Access to outside through VPN

[c182pilot]

I am using a Cisco Pix 515 and RSA ACE for VPN access, using Cisco's client from Win2k clients.

We need to provide access to the outside from within the inside network while connected through the VPN. The access has to be from our inside network, not from the client PC. What is required to do this? Is it an additional route or ACL?

Thanks

 

[ChicagoTechNet]

this may help. quoted from

http://www.chicagotech.net

Can't connect to a VPN server on the outside of the PIX

.Symptom: When attempting to connect to a VPN server on the outside of the PIX it returns error 721, the computer failed to respond.

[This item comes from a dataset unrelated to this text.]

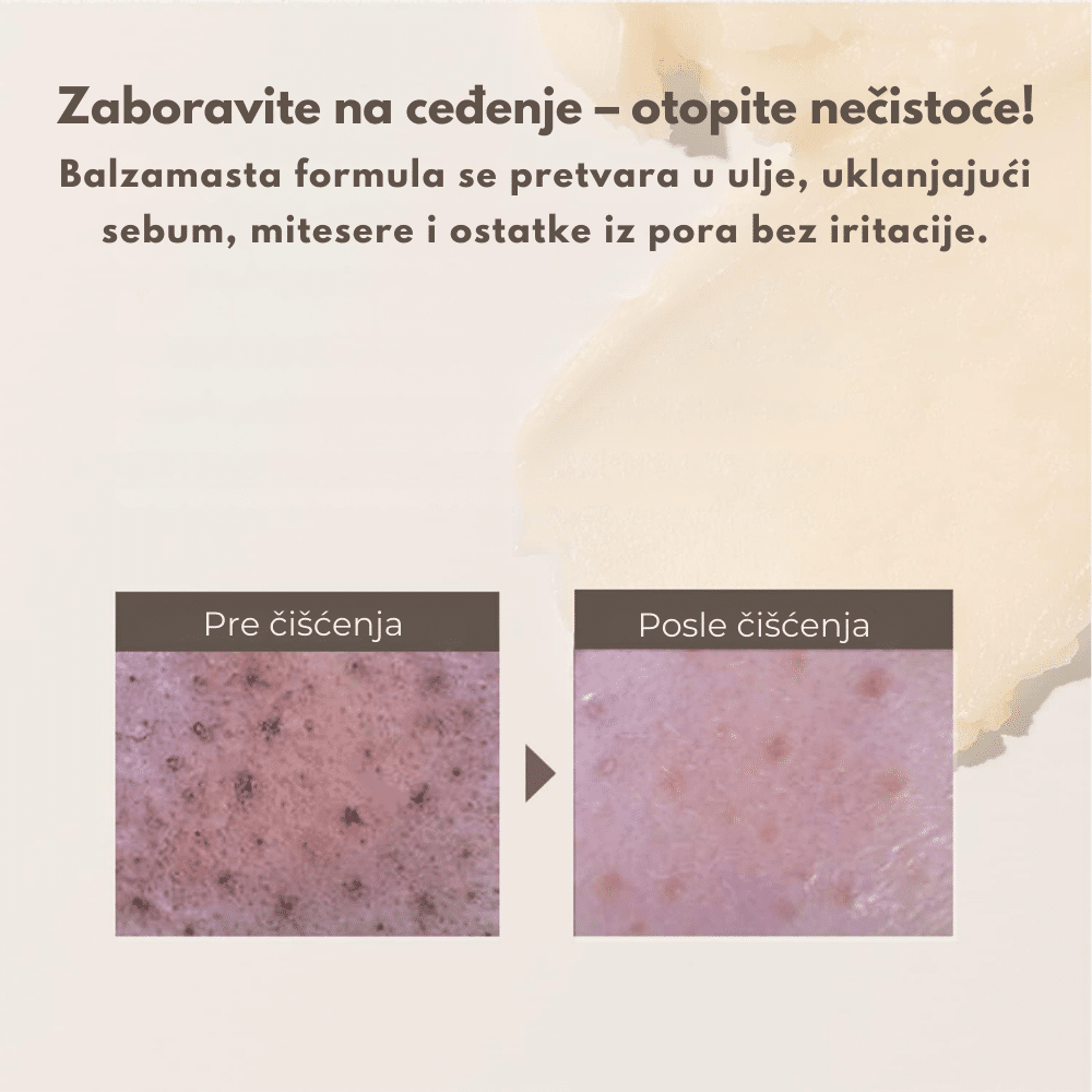 Balzam za čišćenje sa ekstraktom mandarine koji efikasno uklanja šminku i prljavštinu, dok hidrira i osvežava kožu, ostavljajući je glatkom i blistavom.

Resolution: In order to PPTP through a PIX, you must have a one-to-one mapping from the external IP to an internal IP for type 47 GRE packets and port 1723. For example, for pptp add this: conduit permit gre host x.x.x.x any AND conduit permit tcp host x.x.x.x eq 1723. For l2tp over ipsec: conduit permit esp host x.x.x.x any, conduit permit udp host x.x.x.x eq 1701 any AND conduit permit udp host x.x.x.x eq 500 any.


Robert Lin, MS-MVP, MCSE & CNE
Windows, Network, Internet, VPN, Routing and How to at

http://www.ms-mvps.com

 

[lgarner]

You don't. You can implement split tunnelling, but that traffic will not touch the Pix. The Pix will not "relay" traffic back out.